→ Dataset content:

::::::::::

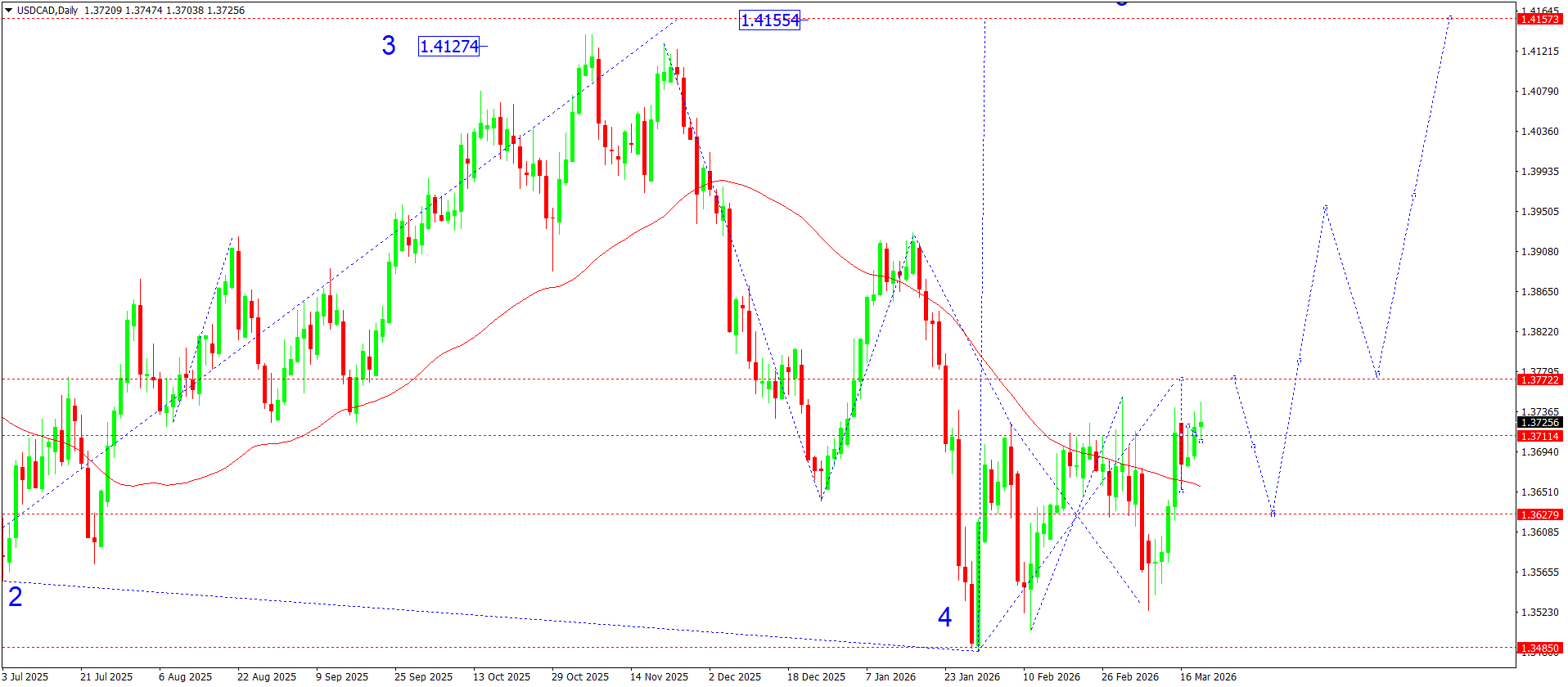 On the daily USDCAD chart, the market previously completed the formation of an upward wave structure with a peak near 1.4124, which corresponds to the top of the third higher-order wave. After that, quotes shifted to the formation of a corrective structure, which ended with a decline to the 1.3485 area, where wave 4 formed.
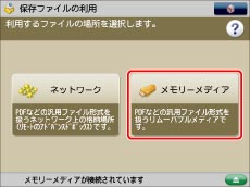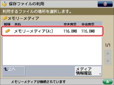 工場出荷時は、[保存先の表示設定]の<メモリーメディア>が「OFF」に設定されています。メモリーメディアを利用するには、<メモリーメディア>を「ON」に設定してください。(→保存先の表示を設定する)
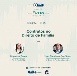 Pensando nisso, a FDV e a ESA/OAB-ES programaram para a próxima semana, do dia 05 a 09 de outubro, uma semana de lives FDV ao Vivo especial.

::::::::::

→ Work order:
The result should be the full material above, word for word, with its pictures omitted.

→ Output:
 On the daily USDCAD chart, the market previously completed the formation of an upward wave structure with a peak near 1.4124, which corresponds to the top of the third higher-order wave. After that, quotes shifted to the formation of a corrective structure, which ended with a decline to the 1.3485 area, where wave 4 formed.
 工場出荷時は、[保存先の表示設定]の<メモリーメディア>が「OFF」に設定されています。メモリーメディアを利用するには、<メモリーメディア>を「ON」に設定してください。(→保存先の表示を設定する)
 Pensando nisso, a FDV e a ESA/OAB-ES programaram para a próxima semana, do dia 05 a 09 de outubro, uma semana de lives FDV ao Vivo especial.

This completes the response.